As he sat up and rubbed his eyes, a strange pull tugged at his wrist. Not a physical force, but something deeper, like an invisible thread reeling him in. He looked at the watch again.
"Don't do anything weird," he muttered.
The watch didn't listen.
The golden glow returned, brighter this time, spilling out into his dim room like sunlight breaking through storm clouds. Before Aimi could react, the hands began spinning again, faster and faster, until they became a blur.
"Not again—"
A flash of light swallowed his words.
---
When Aimi opened his eyes, the world was… different. He was no longer in his cluttered apartment but standing in a vast, otherworldly space. Rows upon rows of towering bookshelves stretched infinitely in every direction, stacked with tomes of every size, color, and age. The floor beneath him was smooth marble, etched with shifting hieroglyphics that glowed faintly under his feet. The air smelled like ancient parchment and something electric, like the calm before a thunderstorm.
"Where… am I?" Aimi whispered, turning in circles to take it all in.
"This," a deep, resonant voice echoed, "is the Library of the Void."
Aimi spun around to find the source of the voice. Standing a few feet away was a figure draped in shimmering golden robes. His face was sharp and angular, with piercing eyes that seemed to see straight through Aimi. In one hand, he held a long, ornate quill that glowed faintly at the tip.
"Who are you?" Aimi asked, his voice cracking slightly.
"I am Thoth," the figure replied, his tone calm but commanding. "God of wisdom, writing, and knowledge. Keeper of this sacred place."
Aimi blinked, unsure whether to laugh or panic. "Okay… Sure. And I'm Aimi Amirul, failed webnovel author. Nice to meet you, I guess?"
Thoth raised an eyebrow. "Failed? How quaint. You have not yet begun to understand your potential, mortal."
"Yeah, well, tell that to the dozen publishers who rejected me," Aimi muttered. "Wait. Did you bring me here? What's going on?"
Thoth stepped closer, the hieroglyphics on the floor glowing brighter with each step. "You are here because you have been chosen. Your family's lineage, tied to the gods, has led you to this moment. The watch was merely the key to open the door."

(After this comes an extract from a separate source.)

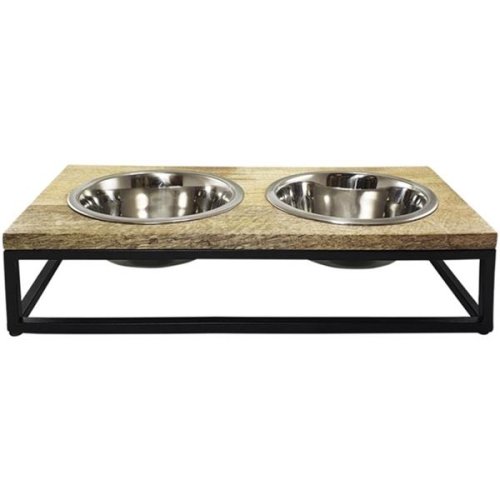 Designový stojan svým vzhledem skvěle zapadne do každého interiéru. Deska z mangového dřeva je připevněná na robustní kovový rám. Vyjímatelné nerezové misky o objemu 800 ml jsou určené na vodu a krmivo. Stojan je opatřen protiskluzovými nožičkami. Rozměry (cca): 40 × 20 × 11 cm

Aimi glanced at the watch on his wrist, now completely inert. "Chosen for what, exactly?"
"To restore what has been lost," Thoth said, gesturing to the endless shelves around them. "Stories, knowledge, and truths that have faded from your world. It is your task to retrieve them, to reignite the spark of creativity and wisdom in humanity."
Aimi stared at him, dumbfounded. "Okay, that's… a lot to unpack. Why me? I can't even finish a decent chapter half the time, let alone save the world's lost knowledge."
"Precisely why you must rise to the challenge," Thoth said. "You lack the arrogance of certainty, which makes you adaptable. And more importantly, you care. Your actions, however small, already prove this."
Aimi frowned. "What actions?"
Thoth's eyes glinted. "The stray cats you and your companion feed. A simple kindness, but it speaks volumes. Compassion and creativity are not so different—they both require the ability to imagine beyond oneself."